A loro volta una parte dei sunniti passarono a sostenere il terrorismo jihadista. Non parliamo degli errori di Obama, guerrafondaio in Libia, malgrado le perplessità di Berlusconi, l’uccisione di Gheddafi ha avuto la conseguenza di destabilizzare totalmente quel Paese. Invece in Siria Obama è stato del tutto pacifista, non ha risposto come aveva minacciato all’impiego di bombe chimiche di Assad, ha lasciato campo libero a Putin e nel 2015 ha messo insieme una coalizione militare composta da truppe iraniane, hezbollah, milizie sciite, che ridiedero così il potere ad Hassad divenuto una marionetta nelle mani di Putin, che ha anche acquisito alcuni porti strategici.

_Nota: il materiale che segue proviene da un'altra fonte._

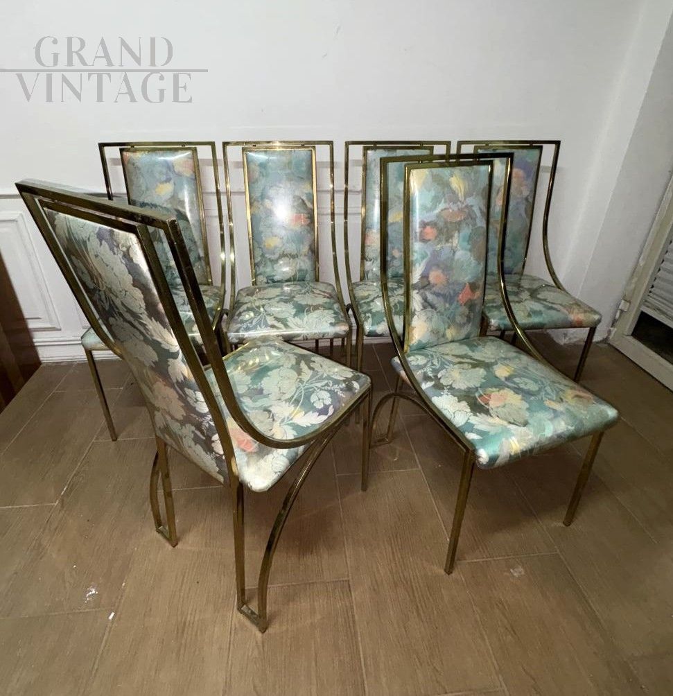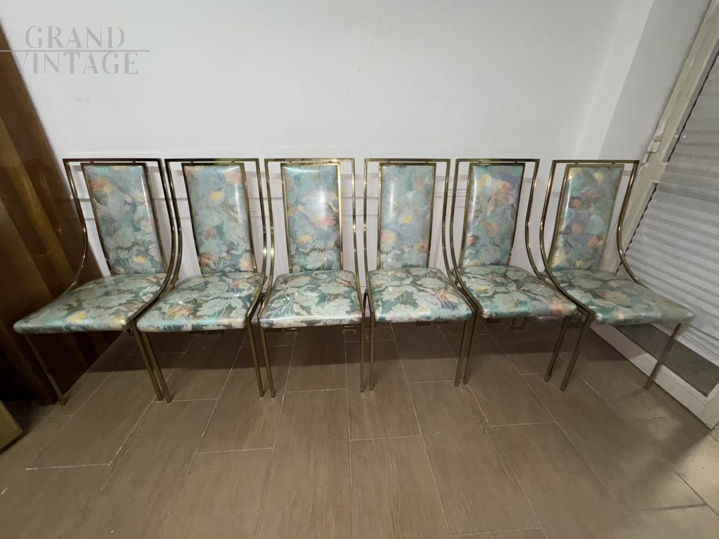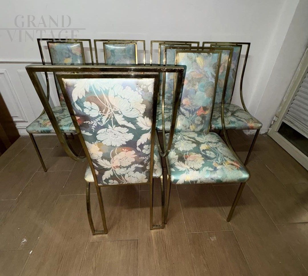 Set di 6 sedie in stile Romeo Rega in ottone e tessuto floreale
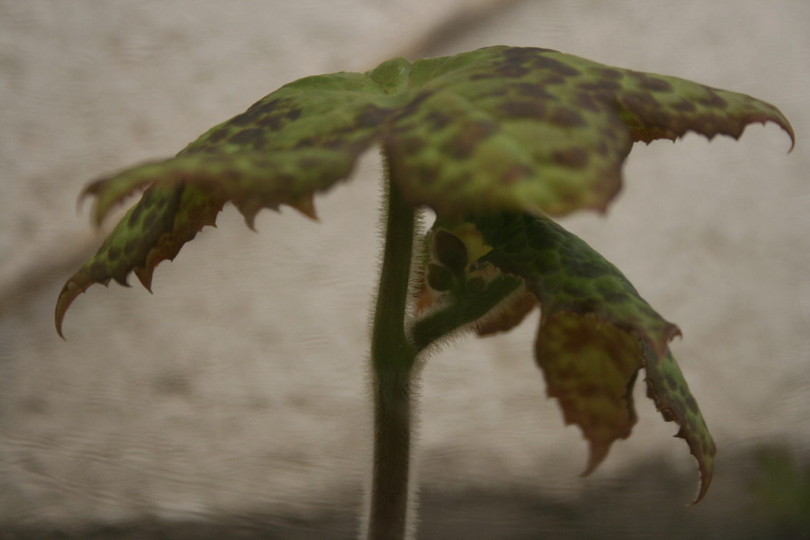 Ich erblasse vor Neid: zum ersten Mal hat Spotty Dotty mehrere Blätter, und schwupp hängen sie braun in der Landschaft herum, so eine Sauerei. Dabei war angeblich gar kein Frost mehr. Jetzt wird umgepflanzt, ich bin dieses Frosttheater leid!

Non parliamo della Tunisia che è stata l’unica democrazia uscita tra le primavere arabe. Ma che è stata abbandonata a sé stessa e alla sua povertà dall’Italia, dalla Francia, dall’Unione Euopea e dagli USA. Anche in seguito a questa assenza oggi il potere è stato preso da un dittatore, ma con esso dobbiamo fare i conti come sostiene la Meloni, per evitare il peggio.

 

Ma qui veniamo al problema di fondo: l’Occidente non ha capito nulla di quello che avveniva con la fine del comunismo in Russia, diversamente da quello che sostiene la propaganda di Putin. Non c’è stata alcuna aggressività della Nato ai confini russi. Anzi la Germania e l’Italia hanno messo larga parte del fabbisogno energetico nelle mani di una Russia di Putin non più comunista ma ultra nazionalista. A loro volta gli Usa hanno spalancato le porte del WTO alla Cina estremamente aggressiva sul piano economico. In questo quadro l’Occidente ha anche smesso di far politica verso l’India e nei confronti dell’Africa. Invece la Cina ha investito sull’Africa enormi risorse economiche e la Russia altrettante forze su quello militare. 

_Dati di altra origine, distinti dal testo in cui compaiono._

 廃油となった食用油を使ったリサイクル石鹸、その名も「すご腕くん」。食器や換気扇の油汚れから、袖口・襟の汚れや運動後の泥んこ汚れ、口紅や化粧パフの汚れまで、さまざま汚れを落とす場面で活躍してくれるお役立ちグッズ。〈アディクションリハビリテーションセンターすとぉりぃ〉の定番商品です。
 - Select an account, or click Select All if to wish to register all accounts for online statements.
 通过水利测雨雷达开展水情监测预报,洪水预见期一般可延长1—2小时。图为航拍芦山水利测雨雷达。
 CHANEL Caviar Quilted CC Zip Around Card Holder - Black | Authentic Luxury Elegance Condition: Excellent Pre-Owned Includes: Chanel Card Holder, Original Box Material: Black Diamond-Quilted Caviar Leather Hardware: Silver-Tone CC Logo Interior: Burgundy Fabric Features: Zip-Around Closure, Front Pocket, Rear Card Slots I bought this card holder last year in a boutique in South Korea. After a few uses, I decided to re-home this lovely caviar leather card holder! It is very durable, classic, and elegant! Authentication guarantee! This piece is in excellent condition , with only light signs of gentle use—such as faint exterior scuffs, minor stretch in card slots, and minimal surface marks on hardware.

L’ultimo campanello di allarme è ciò che è avvenuto nel Niger. Nel passato nella deprecata prima Repubblica Andreotti, Fanfani, Moro e Craxi facevano politica nel Mediterraneo e i servizi italiani avevano un’alta specializzazione in quell’area. Dopo di che tutto è stato abbandonato a sé stesso. Per questo l’iniziativa della Meloni ha fatto breccia in Europa e negli Usa malgrado l’handicap costituito dal suo punto di partenza molto spostato sui paesi di Visegraad, oggi però molto divisi sulla questione decisiva dei rapporti con Putin. Per questo sulla politica estera si dovrebbero realizzare convergenze basate fra la maggioranza e le varie forze di opposizione. Operazione assai difficile se la Schlein, con il suo nuovo maitre à penser Bersani, continua a inseguire Conte e i grillini sempre più pacifisti in versione putinista come del resto dimostra la linea del Fatto che in modo sempre più scoperto è diventato l’organo ufficioso dell’ambasciata russa in Italia.